Court Opinion

ID: 9658445
Source: CourtListenerOpinion
Date Created: 2023-08-23 21:00:10.200962+00
Date Added: 2024-06-11T18:13:55.315405
License: Public Domain

MORGAN, Justice
(concurring specially).
I concur specially because I disagree with the manner in which the majority disposes of the counterclaim issue, although not on the ultimate result.
Appellant commenced this action as an action at law for damages. The appellee responded with certain affirmative defenses and counterclaimed for equitable rescission. Indeed, appellee’s affirmative defense, mutual mistake of fact, appears to be more appropriately dealt with on the equitable side of the court. Certainly, we have always treated the action for rescission by the court under SDCL 21-12 as an equitable action. See, e. g., Main v. Professional and Business Men’s Life Ins. Co., 80 S.D. 288, 122 N.W.2d 865, 867 (1967); Purcell v. International Harvester Co., 37 S.D. 517, 159 N.W. 47 (1916). Although generally we have dispensed with the distinction between actions at law and equitable actions, SDCL 15-6-2, we continue to treat them differently for certain purposes at trial; e. g., a right to a jury trial on the legal side, S.D. Const, art. VI, § 6, and a court trial on the equitable side. How then can we possibly say that a pleading seeking equitable relief is merely an affirmative defense to an action at law?
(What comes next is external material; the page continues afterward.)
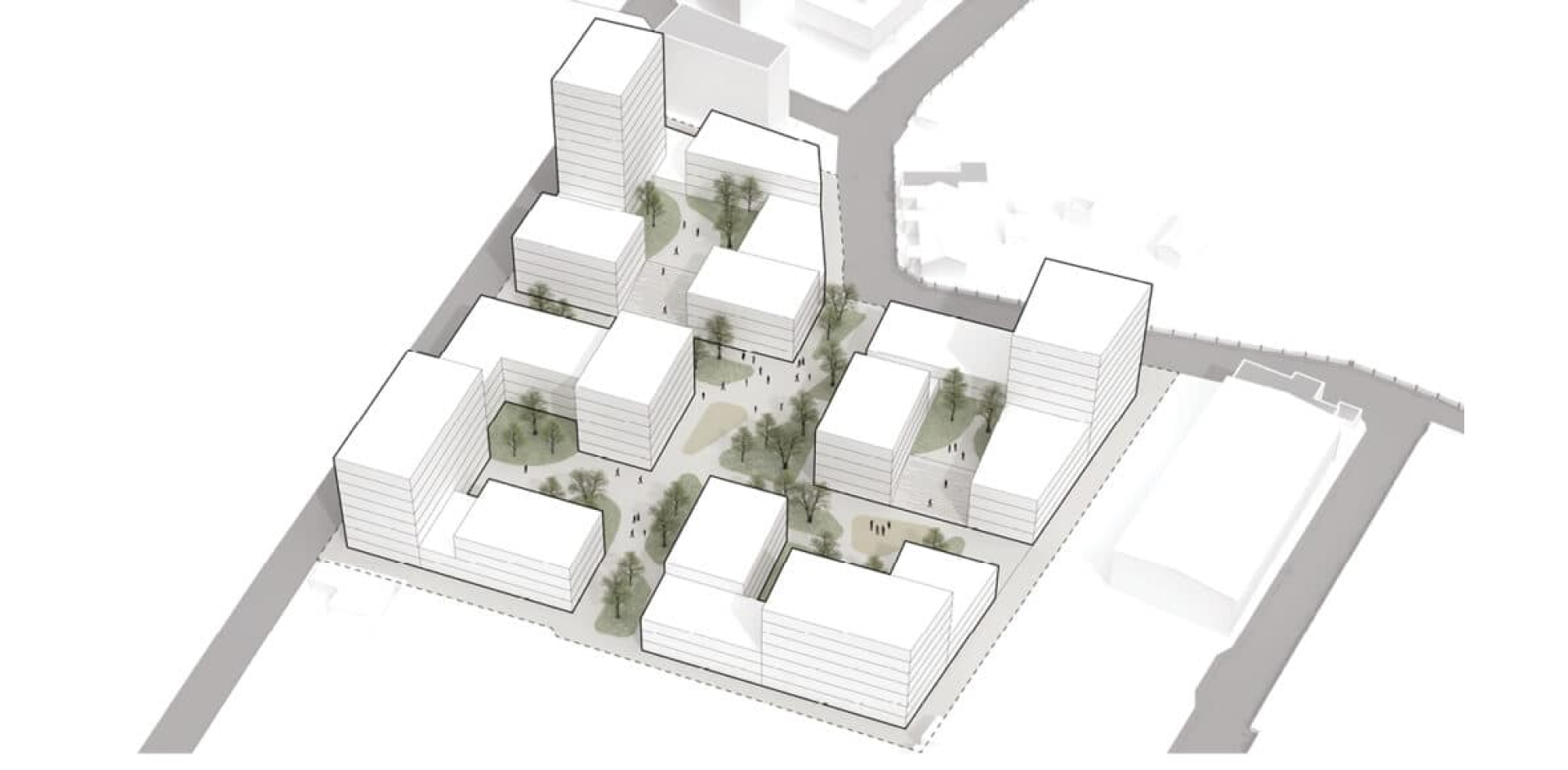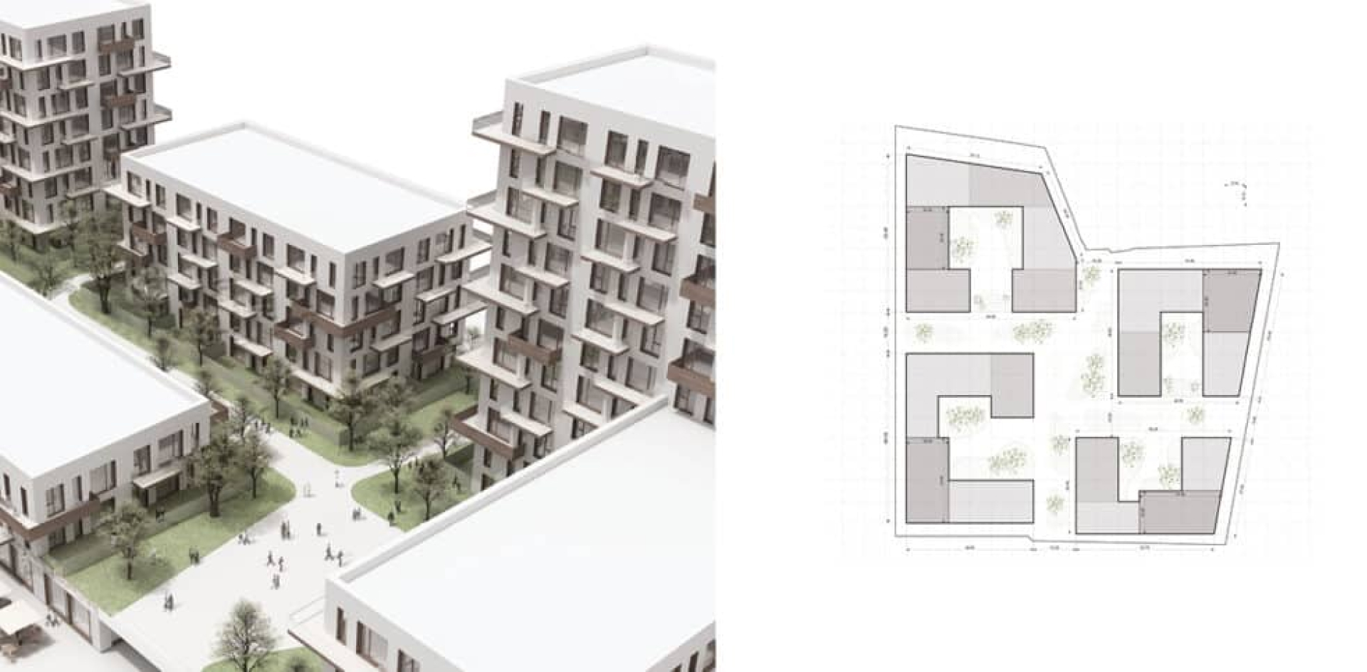 The project displays a hierarchy of interconnected spaces: from the main public plaza, situated at the intersection of the two main paths, to the shared courtyards that each building block has, to the private terraces and balconies. Thinking about the light/shadow dynamic, the tall towers are placed on the edge of the ensamble.

However, this would not cause me to uphold the trial court’s action in granting judgment for the appellees on the counter*595claim. Admittedly, failure to reply is by statute an admission of the averments in a pleading to which a reply is necessary. SDCL 15-6-8(a). But even táking appel-lee’s averments to be true, I would still reverse the trial judge because the facts do not support the relief requested and granted for all of the reasons so clearly spelled out by the author in the majority opinion. Simply stated, the mistake averred in the counterclaim was not related to a past or present fact. Since, here, this is essential to maintain an action for either equitable or legal rescission, I would join in the majority’s reversal.